HUL is renovating its market strategy

Stung by the sustained loss of market share to regional players, Hindustan Unilever, India’s largest FMCG firm, is now drawing up district-wise distribution & pricing plans
Regional players have hit Hindustan Unilever (HUL) where it hurts the most.
Personal care products, the firm’s most profitable segment, has been losing market share consistently over the past several quarters.
The first quarter of this financial year hasn’t been too exciting either. Domestic sales grew by 12.8 per cent, with underlying volume growth of about 2 per cent. Though that was a distinct improvement as volumes had declined by about 4 per cent in the previous quarter, the country’s largest fast moving consumer goods company isn’t happy. So HUL is fighting back.

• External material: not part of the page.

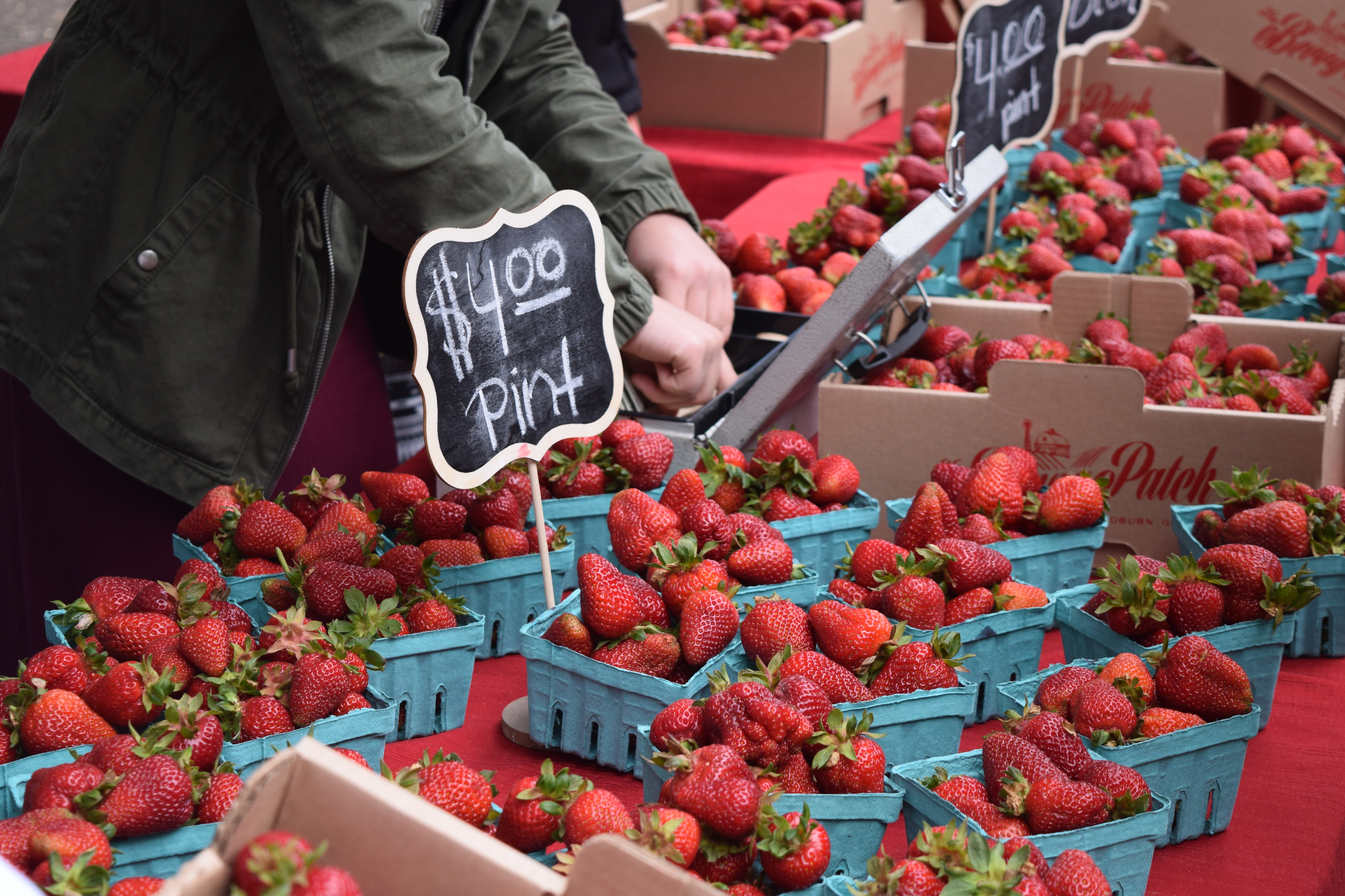 Tara and I had quite the urban adventure Saturday. We took the light rail train into Portland (just a week after the fatal MAX double stabbing that made national news…ugh) and walked to the PSU farmer’s market. Our long, wet winter and spring have delayed the hotly-anticipated arrival of fresh berries, but finally – finally! – strawberries were available. That alone made the trip worthwhile.

But to understand its new strategy, let’s look at what the competition has been doing of late. Chennai-based CavinKare, the second largest manufacturer and marketer of shampoo in India with brands like Chik, Nyle, Meera and Karthika, came out with single serve packs to make inroads into a market dominated by multinationals like Hindustan Unilever’s Sunsilk and Clinic All Clear.
Similarly, Anchor Health & Beauty Care took on HUL’s Pepsodent and Close-up by launching 100 per cent vegetarian Anchor toothpaste. It also forced the market leader to drop prices to retain consumer loyalty.
In detergents, too, smaller regional players like Ghadi, Sasa and Power have dented the volumes and market share of HUL’s Rs 2000 crore detergent brand Wheel. Likewise, in soaps, Wipro Consumer Care and Lighting’s Santoor has now become the largest soap brand in South India and Godrej Consumer Products Godrej No 1 is the market leader in the lucrative Northern market.
Stung by the loss of market share, HUL is now tweaking its go-to-market strategy by focusing on individual states and even districts. The strategy is ‘glocal’ – think global, act local. There are three key things that they are trying to do.
The first is winning state by state. Each state presents a different nature of competition and a different growth challenge whether it is increasing penetration or driving consumption through deployment of the relevant portfolio.
The state led distribution strategy will give the Anglo Dutch Unilever’s Indian unit an opportunity to play out its full portfolio of brands to arrest its falling market share and volumes as consumers were down-trading to smaller regional brands. The company is now strengthening its regional brands like Hamam in Tamil Nadu; Rexona in Andhra Pradesh and Karnataka; Breeze in the Hindi belt and Sunlight in Kerala and West Bengal.
The maker of Lifebuoy, Wheel and Lux is also playing the pricing game – it has already reduced the price of Lifebuoy by Re 1. This was necessary as the latest Nielsen data showed that Lifebuoy has lost value market share and was down 176 basis points year-on-year (y-o-y). Likewise in detergents, volumes declined 8.8 per cent y-o-y over the same period, last year.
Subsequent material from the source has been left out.